3. PARALLELIZATION & SYNTHESIS

  • If a task has multiple independent sub-problems (e.g., research backend options AND research frontend options), call multiple agents in parallel, then invoke wait_for_task for each.
  • Once the results are in, synthesize them seamlessly into a premium, unified response for the user. Do not just blindly dump the raw output.
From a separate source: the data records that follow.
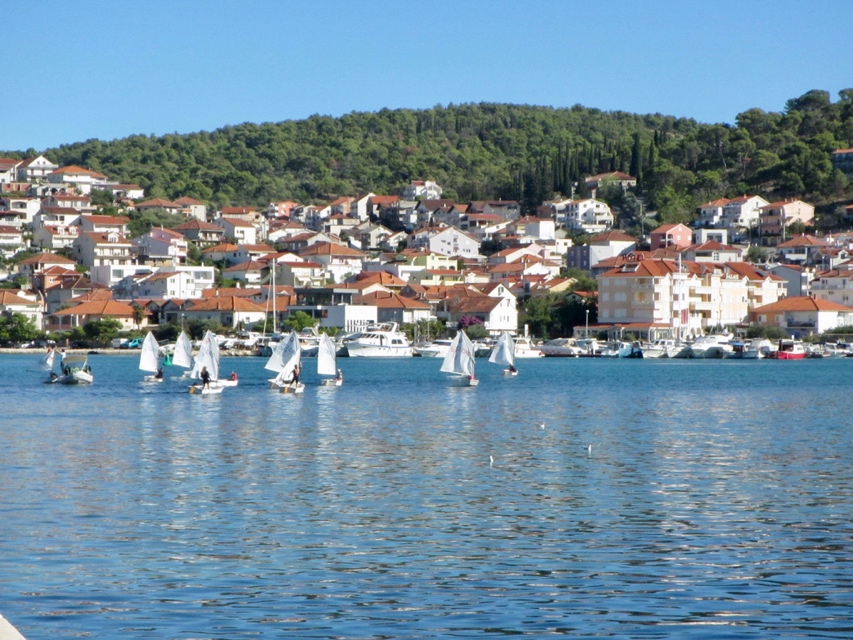 Split. The name says it. Whatever that means. I had never heard of it, until Naomi mentioned it to me, along with its history, which is rather unique. It was originally founded by the Greeks in the 2nd or 3rd Century BCE, but remained basically “under the radar” until the Roman Emperor Diocletian, who ruled between AD 284 and AD 305 began building what was to become his retirement palace there. He was one of the only Roman emperors to die of natural causes, and the first to retire voluntarily. Judging by the size, and grandeur of his retirement palace, he must have done quite well in the market, as well as other investments. He was a self-made man who rose through the ranks in the military until he finally took over as emperor: not unlike Jackson, Grant, Eisenhower, and a number of others who “made it.” The first hint of the natural beauty of this little metropolis came to us as we flew in to view it from our plane.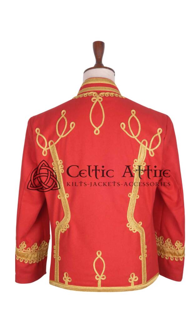 - Meticulously stitched gold braids create intricate detailing and contrast against the red wool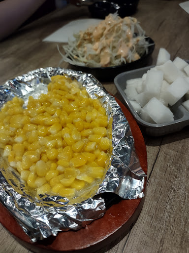 What we ordered: Boneless chicken in sauce Garlic Butter Fries Order comes with radish, a cold slaw, and butter corn in a skillet
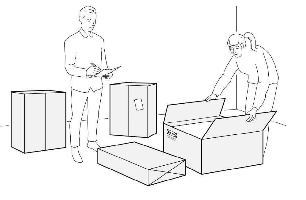 - Снять упаковку с мебели, срезав аккуратно упаковочный скотч и картонную коробку. Использовать нож не стоит, чтобы не повредить мебель внутри упаковки.
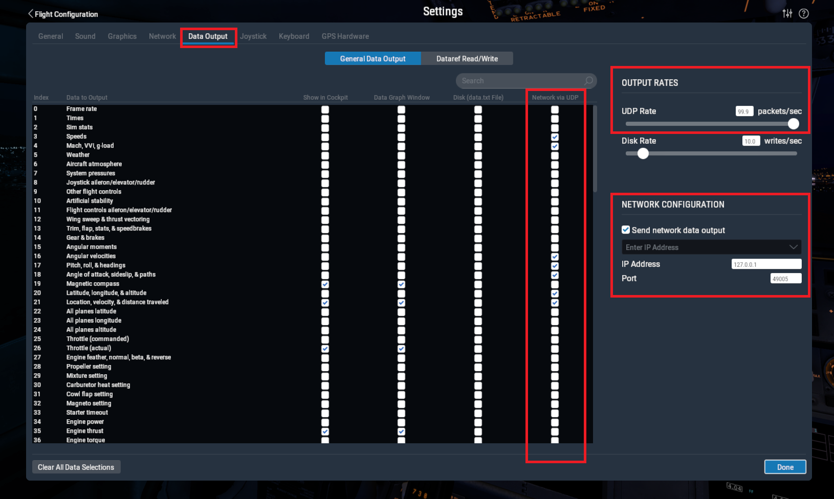 Select all the variables to sent through the UDP Network and set the UDP rate at maximum speed. The network configuration must be configured as shown in the following table and picture.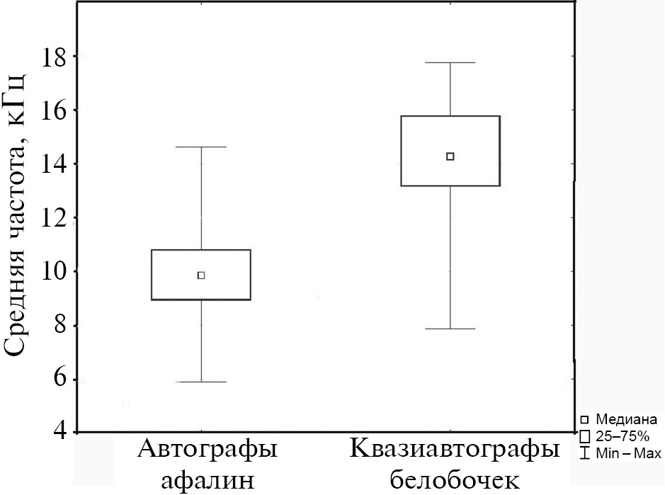 Значимые различия в распределении средних частот сигналов были выявлены при помощи критерия Манна–Уитни (Mann–Whitney U Test, p < 0.05), диаграммы размаха показаны на рис. 12.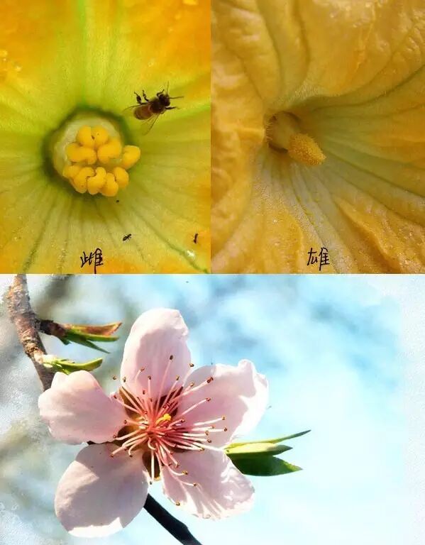 南瓜(Cucurbita moschata (Duch. ex Lam.) Duch. ex Poiret)本身是单性花,雌雄蕊分别在不同的花里,但雌性花与雄性花长在同一植株上;而桃花(Amygdalus persica)则为两性花,雌雄蕊理所当然的长在同一植株上。图片:Sara Steger/flickr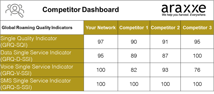 Araxxe helps operators unlock roaming competitor insights 17 March 2026 Category: Quality of Service Araxxe Roaming Quality of Service campaigns allow operators to benchmark their roaming performance in key destinations against their competitors. We produce KPIs aligned with GSMA GRQ standards, comparing your Quality of Service with that delivered by rival operators. This provides a clear view of where you stand in the market and helps drive corrective actions needed to reclaim the top spot. Would you like to discover more about Araxxe and how we can help optimize your roaming Quality of Service? Click here to set-up a meeting!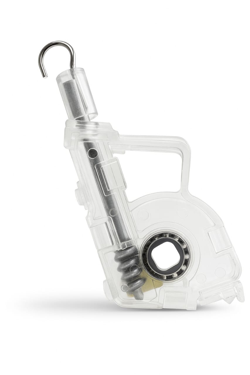 Mecanismo articulado que permite rotação e ajuste, ideal para cortinas com controle de abertura direcional.
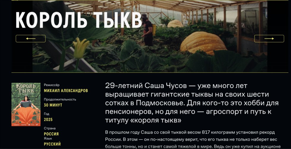 An art-house film about Alexander Chusov, who grew a Russian pumpkin record. (Kisamore and Wolf)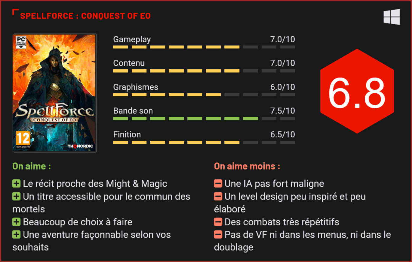 Six mois après la sortie remarquée de SpellForce III, THQ Nordic nous gratifie d’un nouvel ajout à la franchise avec Conquest of Eo. Un pari réussi, mais qui aurait mérité un bien meilleur traitement. Voilà déjà 20 ans que la franchise SpellForce existe. Beaucoup moins connue et populaire que les Civilization et autres 4X, la saga créée par Phénomic Game Development et Encore, Inc en 2003 est parvenue à se forger une solide base de fans qui, après deux décennies, sont restés fidèles à cet univers enchanteur. Ayant toujours privilégié le côté RPG et RTS de la chose, la franchise s’éloigne quelque peu de ce qui faisait son essence avec Conquest of Eo, en privilégiant la stratégie au détriment du rôle-playing. Explications. Avec Conquest of Eo, la franchise SpellForce vous donne la possibilité d’incarner un héros qui aura choisi entre l’une des trois classes proposées, à savoir Nécromancien, Artificier et Alchimiste. Le premier privilégie la magie et une armée de morts-vivants, l’alchimiste conçoit fioles explosives et potions tandis que le dernier crée des objets magiques pour équiper ses unités. Trois classes différentes donc, mais un seul et même objectif : poursuivre la quête de votre maître qui consiste en la recherche de la source de magie ultime, le Feu éternel. Proche d’un 4X, Conquest of Eo se laisse très facilement prendre en main. L’avantage avec Conquest of Eo est que vous allez, en quelque sorte, pouvoir façonner votre propre expérience de jeu. C’est-à-dire que plusieurs cartes du monde différentes s’offrent à vous en début de partie, chacune représentant un niveau de difficulté. Libre à vous également de combiner plusieurs conditions de victoires pour façonner la meilleure expérience personnelle possible. Autant de possibilités qui font que chaque nouvelle partie que vous ferez sera légèrement différente des précédentes. Mais ne vous leurrez pas. L’histoire restera la même quelle que soit l’orientation que vous donnerez à votre aventure. Un peu à la manière d’un Civilization, les ressources jouent un rôle-clé dans SpellForce. Depuis la tour de votre maître (qui vous sert de QG), vous pourrez récupérer de l’or, amasser des points de recherche ou encore créer de nouvelles unités ou objets. Tout cela dans le but d’améliorer vos forces de morts-vivants, de confectionner des potions toujours plus puissantes ou créer des glyphes pour permettre à vos unités de gagner en force. Vous l’aurez compris : votre but est de gérer la tour et les ressources qui y sont puisées, tandis que vos unités défendent vos intérêts sur le champ de bataille ou récupèrent elles-mêmes des ressources. Un scénario agréable, un univers payant, mais une répétitivité lassante. Les combats se jouent au tour-par-tour, comme dans tout bon 4X qui se respecte. Les affrontements fonctionnent selon le principe des points d’action, mais rassurez-vous : le jeu reste assez facile à prendre en main pour n’importe quel néophyte qui s’y frotte. Certes, les affrontements peuvent vite s’envenimer si vous ne prenez pas les bonnes décisions. Mais (mal)heureusement, le peu d’intelligence de l’IA fait qu’il est rapidement possible de rattraper le coup et de l’emporter. Les combats sont plutôt dynamiques, mais pâtissent d’une certaine répétitivité. En effet, le nombre d’unités disponibles n’est, d’une part, pas très élevé, puisque entre quatre et huit unités sont déployées lors des batailles. Celles-ci sont rapidement expédiées, un peu trop à notre goût d’ailleurs, et s’enchaînent vraiment vite sans qu’on ait vraiment le temps de s’y attarder. Si le gameplay s’inspire énormément des 4X à la Civilization, le scénario, lui, s’apparente réellement à un Heroes of Might & Magic. Très réussi, il nous embarque dans une aventure très heroic fantasy, et le monde du Royaume d’Eo est bien imprégné de cette patte fantastique. En revanche, si les décors sont plutôt jolis, sans être époustouflants, force est d’admettre qu’ils ne fourmillent pas vraiment de détails ni d’éléments. Dommage, car l’univers de l’heroic fantasy a de quoi faire rêver. Les décors ne sont pas vraiment riches en éléments ou détails. La bande son est, quant à elle, plutôt agréable à l’oreille. Les mélodies s’accordent plutôt bien au jeu et à la situation en cours. On regrettera en revanche que le jeu ne dispose d’aucune traduction française, et notamment au niveau du doublage. Il faudra faire avec des voix originales et aucun sous-titres francophones. Difficile à aborder donc pour des non-initiés à la langue de Shakespeare. Les menus ne sont également pas traduits en français, un véritable coup dur pour les francophones. Conclusion Conquest of Eo ne fait assurément pas partie du top 3 des meilleures entrées de la franchise SpellForce. Néanmoins, il s’agit d’une bonne porte d’entrée dans la saga pour les néophytes qui n’en ont jamais entendu parler. L’univers est grisant et le scénario très agréable à suivre. L’aspect RPG mis de côté au détriment d’un gameplay à la Civilization, Conquest of Eo semble avant tout avoir été pensé pour les personnes qui n’ont jamais touché à un SpellForce de leur vie. Les affrontements sont très faciles à prendre en main, mais se concluent beaucoup trop vite. Il n’y a qu’entre 4 et 8 unités sur un champ de bataille, ce qui peut s’avérer très peu pour un jeu de stratégie. La difficulté est parfois de mise, mais la stupidité de l’IA permet heureusement à tout un chacun de s’essayer à Conquest of Eo. Nous évoquions l’excellent univers du soft, nous regrettons toutefois qu’il n’ait pas suffisamment été exploité dans la construction des niveaux, beaucoup trop fades à notre goût. Cependant, malgré une VF totalement absente qui pourrait en rebuter plus d’un

Iterate if heavily underspecified.

Why I built this

When building agents in n8n, the builder often has to manually orchestrate everything.

My goal with this tool is to make agents:

• more capable
• more modular
• able to collaborate with other agents


I’d love feedback from the community

This is still an early experiment and I’d really appreciate your thoughts.

Some questions I’m currently exploring:

  • Do you build agents that would profit from external agents and delegations?

  • Is this tool actually helping your Agent or is it a nice to have thing?

  • What types of specialized agents would be most useful for you?

  • Would you pay for this?


If people are interested I can share:

• the architecture
• the MCP implementation
• example workflows / use cases

Curious what you think :slightly_smiling_face:

this is pretty much exactly what we ended up building too @TimBrauer — MCP-based routing to specialized sub-agents instead of one giant workflow that tries to do everything. each agent handles a single domain and they talk through a shared message bus, works way better than the monolith approach we started with.

one thing that made a huge difference — giving each sub-agent its own memory scope. without that they kept polluting each other’s context and you’d get weird cross-contamination. how are you handling context isolation between the sub-agents?

Hi Benjamin,

At first I also considered using a blackboard-style system, potentially combined with a RAG mechanism or even something simple like a shared Airtable-based blackboard. In the end, though, I decided against it for simplicity reasons. For many setups it introduces quite a bit of infrastructure overhead.

My current thinking is that a well-designed hierarchical multi-agent system should already be able to handle most knowledge transfer between sub-agents. If the main orchestrator agent is prompted and structured properly, it can act as a filter that decides what information actually needs to be passed down the chain.

RAG might make sense when you have more complex probles and some kind of a custom multi agent approache like swarm GitHub - openai/swarm: Educational framework exploring ergonomic, lightweight multi-agent orchestration. Managed by OpenAI Solution team. · GitHub

Also, I checked out your website. How’s the automation agency going so far? Any clients yet?

By the way, I’m from Germany as well

the multi-agent delegation pattern via MCP is really clean — we’re running something similar with agents talking through a shared message bus. the context isolation point @Benjamin_Behrens raised is key: without proper scoping you end up with knowledge bleeding between agents. your approach of letting the orchestrator act as a filter works well for simpler hierarchies, but once you go deeper (more than 3-4 levels), even well-structured orchestration struggles. have you run into that at scale, or are most use cases staying shallow?